Well colour me surprised. Signs of independent and rational thought in the Nat caucus?! The issue is superannuation and whether, with NZ’s changing population structure, super is affordable in its current form. We all know the background. Voters support change – raising the age of eligibility – and this was Labour’s policy going in to the last election.
The problem for the government, of course, is Key’s promise to resign rather than raise the age (one of the promises that he seems to have decided not to break or forget). So the Nats are running a government that is abdicating its responsibility to plan for (and give we the people time to plan for) the long term viability of our support for the elderly. Because of Key they’re stuck with it.
Or are they? One News was reporting last night what seems to be a split within National over the issue:
Key in the dark over superannuation review
John Key might think New Zealand can afford national superannuation the way it is, but others within his Cabinet seem to be questioning that stance.
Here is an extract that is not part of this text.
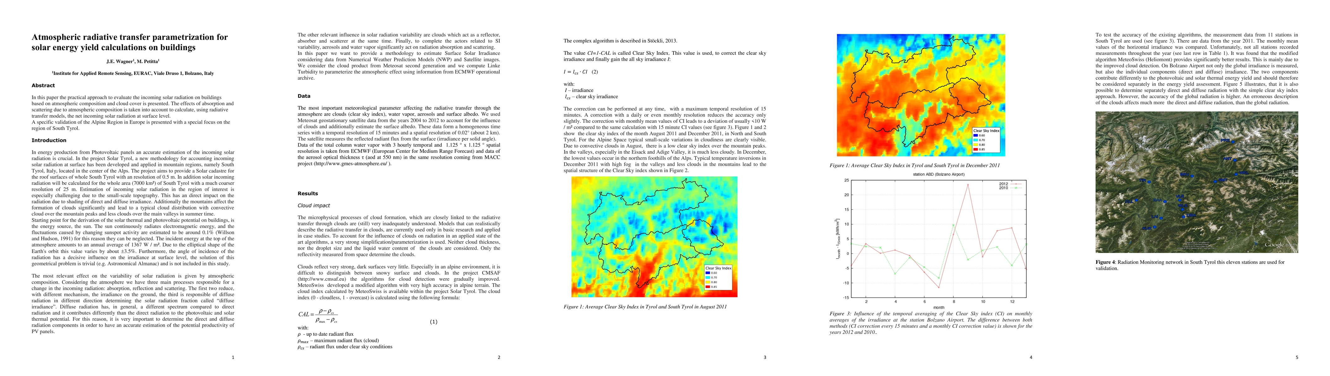 In this paper the practical approach to evaluate the incoming solar radiation on buildings based on atmospheric composition and cloud cover is presented. The effects of absorption and scattering due to atmospheric composition is taken into account to calculate, using radiative transfer models, the net incoming solar radiation at surface level. A specific validation of the Alpine Region in Europe is presented with a special focus on the region of South Tyrol.

… a growing number of economists feel that with an ageing population, national super is not sustainable as it is. And now one of Key’s own ministers wants the issue formally looked at by Retirement Commissioner Diana Crossan.
Key appeared surprised when ONE News asked him what he thought about Commerce Minister Craig Foss giving the Retirement Commissioner the go-ahead to look at the issue. …
In a letter to the Retirement Commissioner, Foss sets out the topics the Government “requires to be addressed in the 2013 review”, including the effects of people living longer on savings schemes, and the sustainability of national super.
Key told ONE News he does not know why Foss has asked that. “It’s also true that Treasury does a lot of work, but my view is that it is affordable and sustainable.” Labour MP David Parker hit back, saying: “Once again John Key doesn’t know what’s going on in his Government.”
Credit to Foss and any others who are backing him in this matter. Key’s foolish promise should not prevent the government from exploring the issues properly, and with Foss’s go-ahead that process can now take place.
Is this move an individual decision from Foss, or is he representing a faction within National that actually has a conscience and a concern for the principles of responsible government? I have no idea (being no kind of political insider!). But I do find it interesting that this minor rebellion, this faint flickering of independent and rational thought, has taken place at a time when Key is plummeting from grace faster than a Felix Baumgartner free-fall.